Из фатального круга двух основных политических положений: 1) необходима конституция, прочный правовой порядок и 2) правительство, которое в политическом смысле держит в своих руках положение, ведет всякую иную, только не конституционно-зиждительную и конституционно-консервативную политику…из этого фатального круга самого по себе невозможно извлечь ничего положительного. Все свести к критике правительства значило бы безмерно преувеличивать значение данного правительства и власти вообще: источник неудач, разочарований и поражений, постигших Россию, лежит гораздо глубже. Даже если бы каким-нибудь чудом политический вопрос оказался разрешенным, решение его лишь более выпукло выдвинуло бы значение другой, более глубокой задачи. Это значит: общество должно задуматься над самим собой. Мы переживаем идейный кризис, и его надо себе осмыслить во всем его национальном значении»[10].
Распространив свои критические нападки на всю интеллигенцию (именно ее он имел в виду, говоря об «обществе»), Струве оказался в довольно сложном положении. Результатом стало (и не могло не стать) его отлучение от всех лагерей, школ и направлений — нечто вроде интеллектуального остракизма. Ведь именно интеллигенты, обвиненные им в нехватке «культуры» и разжигании революции, составляли его основную аудиторию. Его критика не встретила понимания, ибо в ходе длительной борьбы с самодержавием русская интеллигенция взрастила в себе неискоренимый комплекс величия. По мере того как Струве обнаруживал все ббльшую неприязнь к этому социальному слою и предлагал программу духовного возрождения, основанную на идеях, которые его представителям были незнакомы или просто неприемлемы, интеллигенция давала ему сдачи. Теперь Струве стал объектом такой травли, которая не имела прецедента в русской интеллектуальной истории. Гонимый, высмеиваемый, превратно интерпретируемый оппонентами слева (которым, по иным причинам, вторили и правые), он был вынужден беспрестанно отбиваться от нападок.

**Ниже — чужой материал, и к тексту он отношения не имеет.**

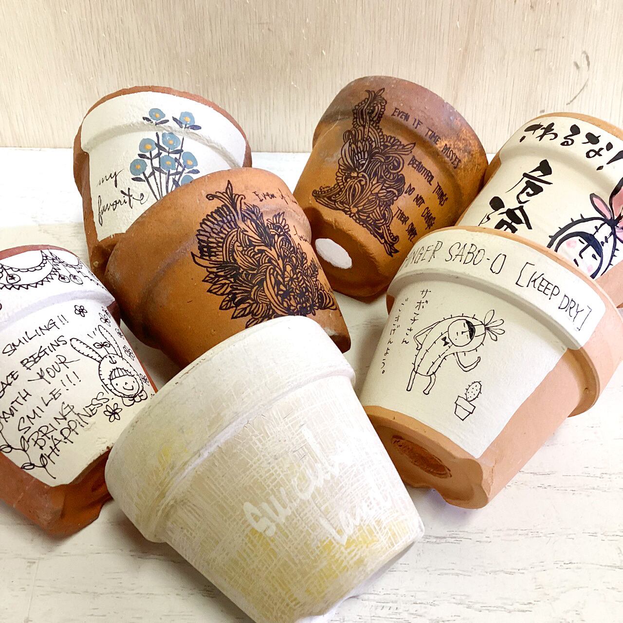 【リメイク鉢】2.5号丸鉢〔試作品・見本品・訳あり品〕7点セット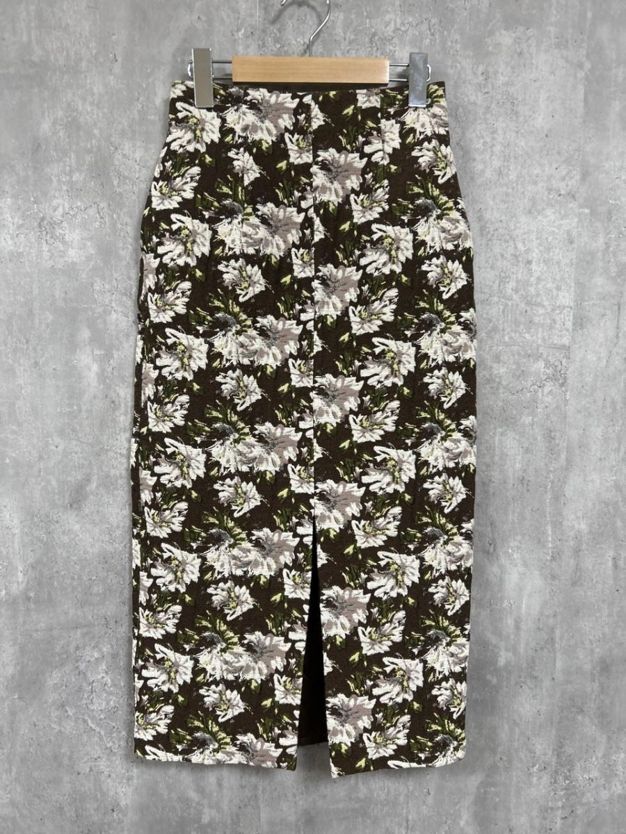 > LAGUNAMOON ラグナムーン 花柄 フラワージャガードタイトスカート タイト スカート sizeS/茶 ◇■ レディース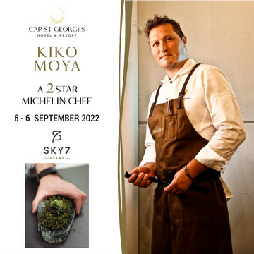 Ο Ισπανός σεφ, Kiko Moya, με καταγωγή από το Αλικάντε, κάτοχος δυο αστεριών Michelin θα οδηγήσει όσους τυχερούς βρεθούν στο εστιατόριο Sky7 του Cap St Georges Hotel & Resort στις 5 και 6 Σεπτεμβρίου σε ένα ανεπανάληπτο ταξίδι γεύσεων.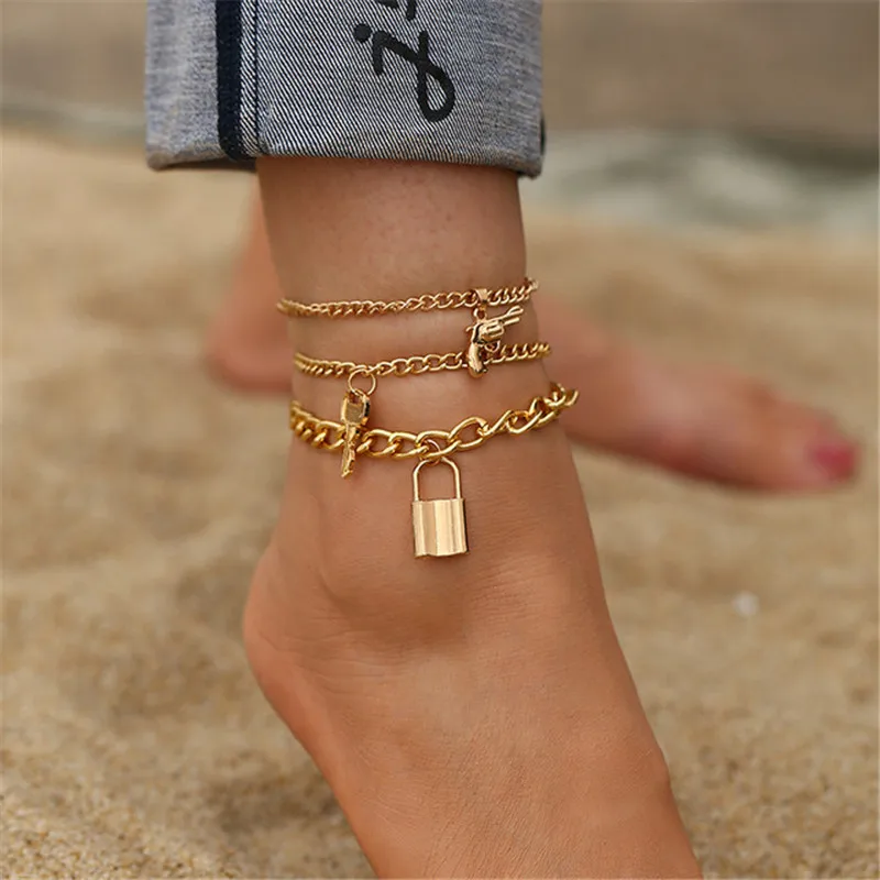 Key Word 2Butterfly Anklet,Gold Anklet,Lock Anklet

Уровень той дискуссии был не слишком высок, и поэтому очертить области разногласий или выделить позитивные программы оппонентов крайне сложно. Русская интеллектуальная жизнь всегда характеризовалась логической непоследовательностью, политической ограниченностью, дефицитом реализма — качествами, в значитель ной степени обусловленными отсутствием представительных институтов и свободной прессы. Можно было бы ожидать, что после октября 1905 года, с созданием парламента и фактическим упразднением политической цензуры, ситуация изменится к лучшему. Но этого не произошло. Привычки, складывавшиеся десятилетиями, оказались столь крепкими, что русские интеллигенты не только продолжали действовать в том духе, с которым сроднились, но по-прежнему говорили и писали в той же манере. Лихорадочно развивавшаяся пресса с готовностью открыла свои страницы для публикаций, прежде годившихся только для нелегальной или эмигрантской печати. У многочисленной читающей публики развился вкус к политике, первейшим проявлением которого стала тяга к политическим сенсациям: в такой обстановке новость об убийстве очередной «знаменитости» доставляла читателям такое же извращенное удовольствие, с которым пресытившаяся политикой западная публика встречает сообщения об уголовных преступлениях или несчастных случаях.
Как и следовало ожидать, ни правые, ни левые радикалы не имели ни малейшего понятия о вопросах, поднимаемых Струве, и потому в споре преобладали аргументы ad hominem. Тот факт, что Струве когда-то был марксистом, потом покинул марксистов и ушел к либералам, а затем порвал и с либеральными воззрениями, был достаточным доказательством его беспринципности и «ренегатства». Следуя этой аргументации, атаки как слева, так и справа, — примечательно схожие по своему тону и стилю — концентрировались на том, кто таков Струве, а не на том, о чем он говорил. Единственное отличие в нападках, обрушиваемых на него двумя крайними лагерями, заключалось в том, что правые экстремисты постоянно поднимали в дискуссии еврейский вопрос, в то время как левые предпочитали изобличать его германские корни. Журналисты активно применяли своеобразный шантаж, не позволявший вступаться за Струве никому, кроме самых отъявленных храбрецов. Умеренный консерватор, допускав ший робкое слово в его защиту, обвинялся правой газетой Новое время в проеврейских и прокадетских (или, в качестве варианта, проеврейско-кадетских) симпатиях; умеренный социалист, делавший то же самое открыто, немедленно клеймился Лениным или Троцким как «пособник буржуазии».